Reproduction of part of the material below, pictures omitted: copy exactly, and only, the lines starting with the one with "Dengan Semangat Tanpa" and going on through the one with "٢٦٦٨٦ - حَدَّثَنَا".

**GIVEN DATA**:
<<<<

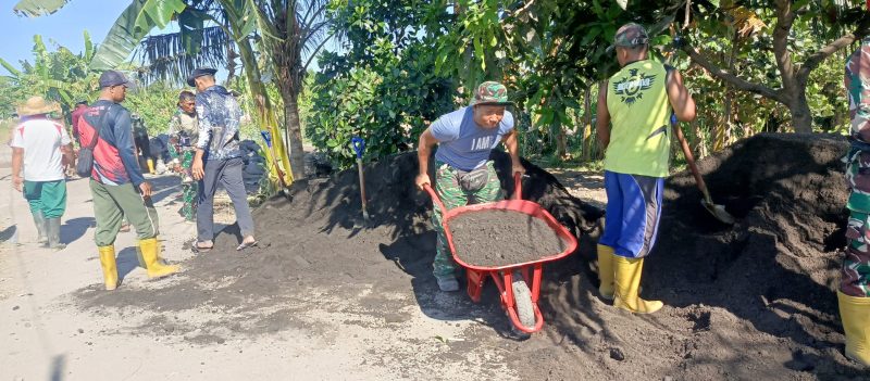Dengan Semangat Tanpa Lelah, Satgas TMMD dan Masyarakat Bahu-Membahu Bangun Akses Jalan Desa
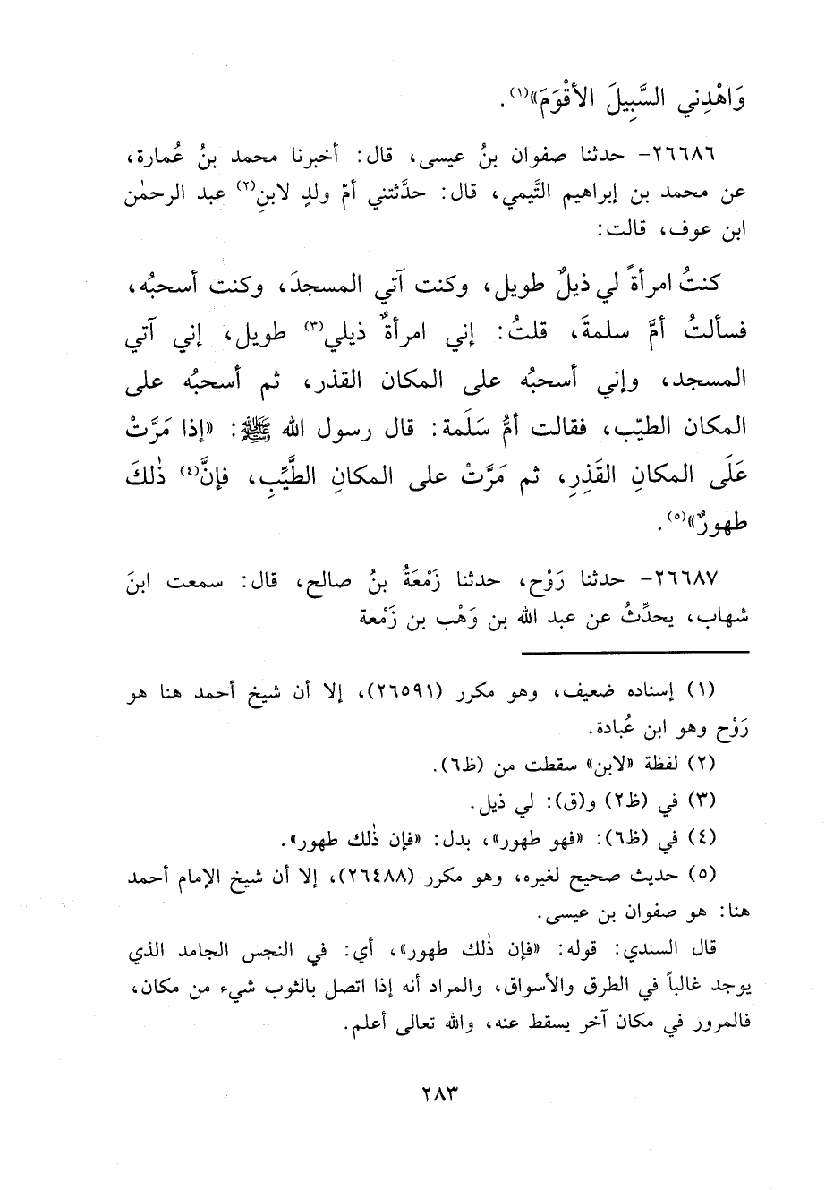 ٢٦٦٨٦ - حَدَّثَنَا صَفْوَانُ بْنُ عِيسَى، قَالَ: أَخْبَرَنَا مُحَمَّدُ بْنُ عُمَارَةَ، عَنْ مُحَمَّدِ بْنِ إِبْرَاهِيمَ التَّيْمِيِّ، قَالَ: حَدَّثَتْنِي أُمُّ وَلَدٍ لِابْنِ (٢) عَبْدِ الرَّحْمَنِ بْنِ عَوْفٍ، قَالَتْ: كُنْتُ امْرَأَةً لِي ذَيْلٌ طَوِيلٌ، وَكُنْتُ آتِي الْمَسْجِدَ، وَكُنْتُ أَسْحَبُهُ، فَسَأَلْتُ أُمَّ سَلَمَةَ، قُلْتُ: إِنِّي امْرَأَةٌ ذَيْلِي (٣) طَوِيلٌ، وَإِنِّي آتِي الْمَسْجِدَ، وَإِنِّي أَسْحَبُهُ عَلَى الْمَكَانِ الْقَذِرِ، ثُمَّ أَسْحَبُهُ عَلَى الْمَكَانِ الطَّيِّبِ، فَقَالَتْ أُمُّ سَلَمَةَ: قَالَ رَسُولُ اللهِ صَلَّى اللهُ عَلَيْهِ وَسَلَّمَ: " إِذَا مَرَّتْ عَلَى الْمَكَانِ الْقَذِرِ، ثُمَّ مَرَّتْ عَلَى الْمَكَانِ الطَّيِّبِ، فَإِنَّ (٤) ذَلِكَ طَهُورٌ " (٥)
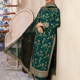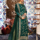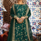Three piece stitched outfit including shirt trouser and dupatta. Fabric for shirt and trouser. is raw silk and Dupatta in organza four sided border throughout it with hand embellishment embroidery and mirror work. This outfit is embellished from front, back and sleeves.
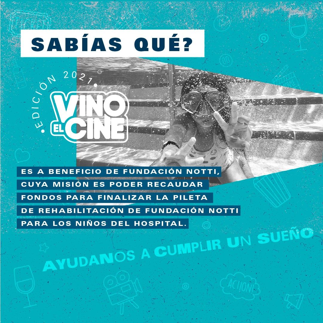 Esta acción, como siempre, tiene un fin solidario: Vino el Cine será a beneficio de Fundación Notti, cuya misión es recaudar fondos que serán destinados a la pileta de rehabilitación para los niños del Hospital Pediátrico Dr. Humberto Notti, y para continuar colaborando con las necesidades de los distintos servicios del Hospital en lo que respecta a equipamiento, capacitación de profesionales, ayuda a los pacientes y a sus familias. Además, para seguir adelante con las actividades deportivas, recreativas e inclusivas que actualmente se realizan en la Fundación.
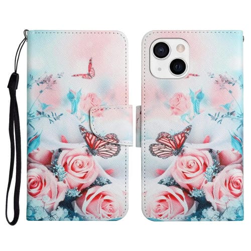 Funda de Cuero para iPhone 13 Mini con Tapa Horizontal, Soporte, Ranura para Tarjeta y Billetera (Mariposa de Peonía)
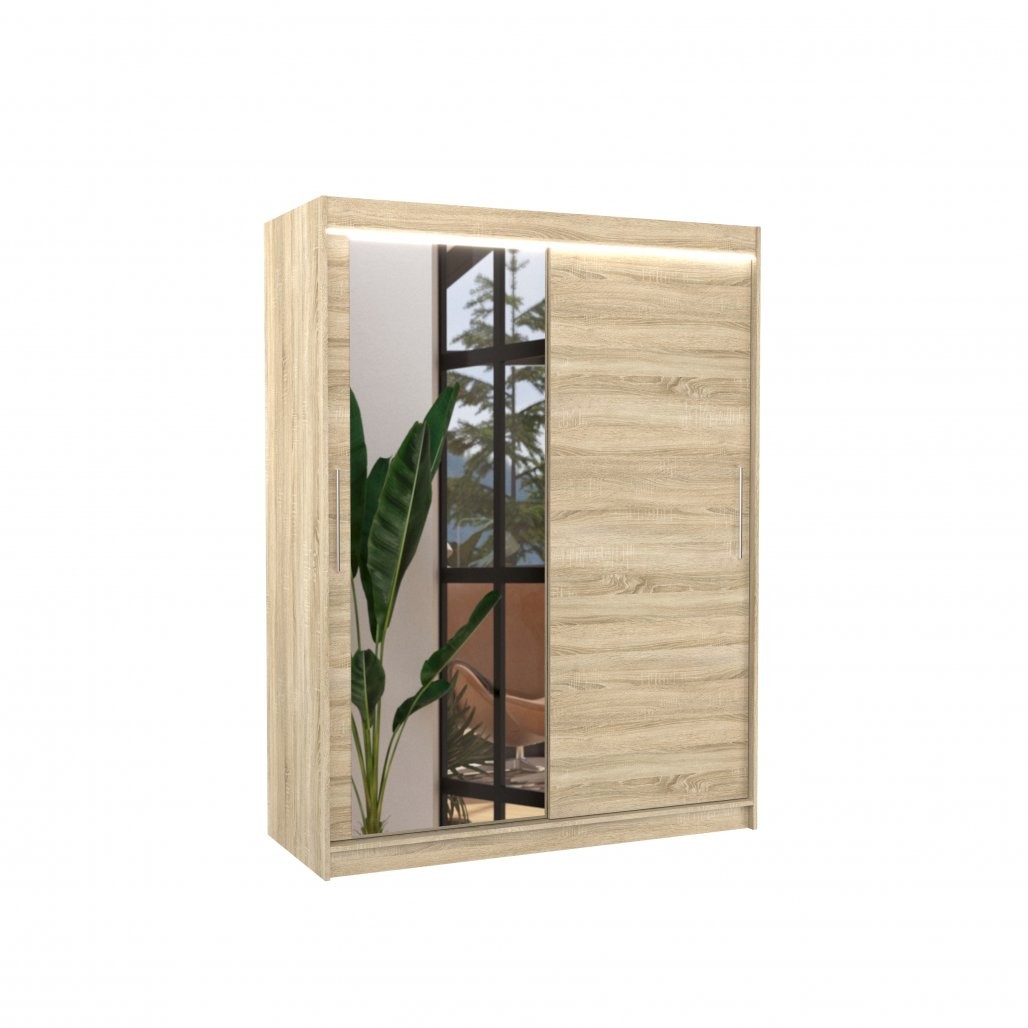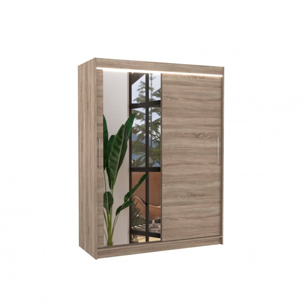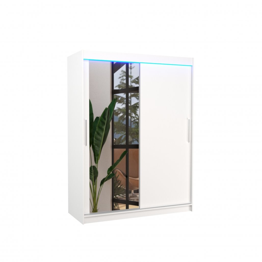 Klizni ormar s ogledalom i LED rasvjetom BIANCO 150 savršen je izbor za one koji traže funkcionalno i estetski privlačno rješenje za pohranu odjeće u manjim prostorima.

>>>>
<<<<

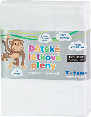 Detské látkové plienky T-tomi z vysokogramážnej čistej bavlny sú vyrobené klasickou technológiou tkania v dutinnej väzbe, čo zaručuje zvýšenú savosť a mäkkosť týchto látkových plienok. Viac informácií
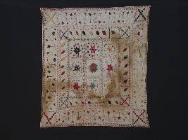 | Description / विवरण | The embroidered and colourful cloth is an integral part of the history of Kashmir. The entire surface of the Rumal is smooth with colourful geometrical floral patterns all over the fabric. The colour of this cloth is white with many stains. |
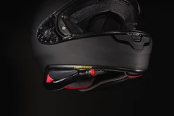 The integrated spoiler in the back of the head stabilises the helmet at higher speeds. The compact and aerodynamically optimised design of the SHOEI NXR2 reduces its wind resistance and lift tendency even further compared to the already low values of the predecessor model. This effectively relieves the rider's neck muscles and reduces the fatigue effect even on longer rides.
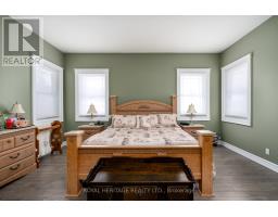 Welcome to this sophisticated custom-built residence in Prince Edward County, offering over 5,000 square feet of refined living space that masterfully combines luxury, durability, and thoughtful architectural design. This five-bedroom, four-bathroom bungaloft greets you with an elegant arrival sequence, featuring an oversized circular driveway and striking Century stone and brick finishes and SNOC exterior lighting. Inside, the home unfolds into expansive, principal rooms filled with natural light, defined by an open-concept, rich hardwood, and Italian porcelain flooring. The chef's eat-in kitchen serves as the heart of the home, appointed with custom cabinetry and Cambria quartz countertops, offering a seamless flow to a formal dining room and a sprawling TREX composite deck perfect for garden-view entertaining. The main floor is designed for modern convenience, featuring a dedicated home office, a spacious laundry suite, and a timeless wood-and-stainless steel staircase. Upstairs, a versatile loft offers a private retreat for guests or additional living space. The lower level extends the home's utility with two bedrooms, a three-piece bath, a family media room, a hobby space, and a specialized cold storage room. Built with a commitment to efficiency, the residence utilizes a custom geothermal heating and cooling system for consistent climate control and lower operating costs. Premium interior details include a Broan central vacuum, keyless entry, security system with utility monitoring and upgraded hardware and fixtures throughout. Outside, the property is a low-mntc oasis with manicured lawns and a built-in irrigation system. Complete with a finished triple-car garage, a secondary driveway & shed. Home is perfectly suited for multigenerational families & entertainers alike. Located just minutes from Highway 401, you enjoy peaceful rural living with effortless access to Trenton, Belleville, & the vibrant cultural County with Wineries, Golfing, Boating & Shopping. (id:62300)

>>>>
<<<<

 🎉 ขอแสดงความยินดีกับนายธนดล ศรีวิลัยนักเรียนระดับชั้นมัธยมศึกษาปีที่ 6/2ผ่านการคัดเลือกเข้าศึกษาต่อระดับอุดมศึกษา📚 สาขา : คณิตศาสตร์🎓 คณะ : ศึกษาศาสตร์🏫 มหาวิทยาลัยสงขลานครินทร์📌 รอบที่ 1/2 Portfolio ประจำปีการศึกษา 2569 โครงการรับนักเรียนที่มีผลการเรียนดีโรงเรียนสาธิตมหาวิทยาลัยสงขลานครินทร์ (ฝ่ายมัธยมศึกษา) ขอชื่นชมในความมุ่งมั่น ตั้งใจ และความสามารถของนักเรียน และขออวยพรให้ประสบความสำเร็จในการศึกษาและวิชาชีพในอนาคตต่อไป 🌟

>>>>

**EXERCISE RESPONSE**:
Dengan Semangat Tanpa Lelah, Satgas TMMD dan Masyarakat Bahu-Membahu Bangun Akses Jalan Desa
 ٢٦٦٨٦ - حَدَّثَنَا صَفْوَانُ بْنُ عِيسَى، قَالَ: أَخْبَرَنَا مُحَمَّدُ بْنُ عُمَارَةَ، عَنْ مُحَمَّدِ بْنِ إِبْرَاهِيمَ التَّيْمِيِّ، قَالَ: حَدَّثَتْنِي أُمُّ وَلَدٍ لِابْنِ (٢) عَبْدِ الرَّحْمَنِ بْنِ عَوْفٍ، قَالَتْ: كُنْتُ امْرَأَةً لِي ذَيْلٌ طَوِيلٌ، وَكُنْتُ آتِي الْمَسْجِدَ، وَكُنْتُ أَسْحَبُهُ، فَسَأَلْتُ أُمَّ سَلَمَةَ، قُلْتُ: إِنِّي امْرَأَةٌ ذَيْلِي (٣) طَوِيلٌ، وَإِنِّي آتِي الْمَسْجِدَ، وَإِنِّي أَسْحَبُهُ عَلَى الْمَكَانِ الْقَذِرِ، ثُمَّ أَسْحَبُهُ عَلَى الْمَكَانِ الطَّيِّبِ، فَقَالَتْ أُمُّ سَلَمَةَ: قَالَ رَسُولُ اللهِ صَلَّى اللهُ عَلَيْهِ وَسَلَّمَ: " إِذَا مَرَّتْ عَلَى الْمَكَانِ الْقَذِرِ، ثُمَّ مَرَّتْ عَلَى الْمَكَانِ الطَّيِّبِ، فَإِنَّ (٤) ذَلِكَ طَهُورٌ " (٥)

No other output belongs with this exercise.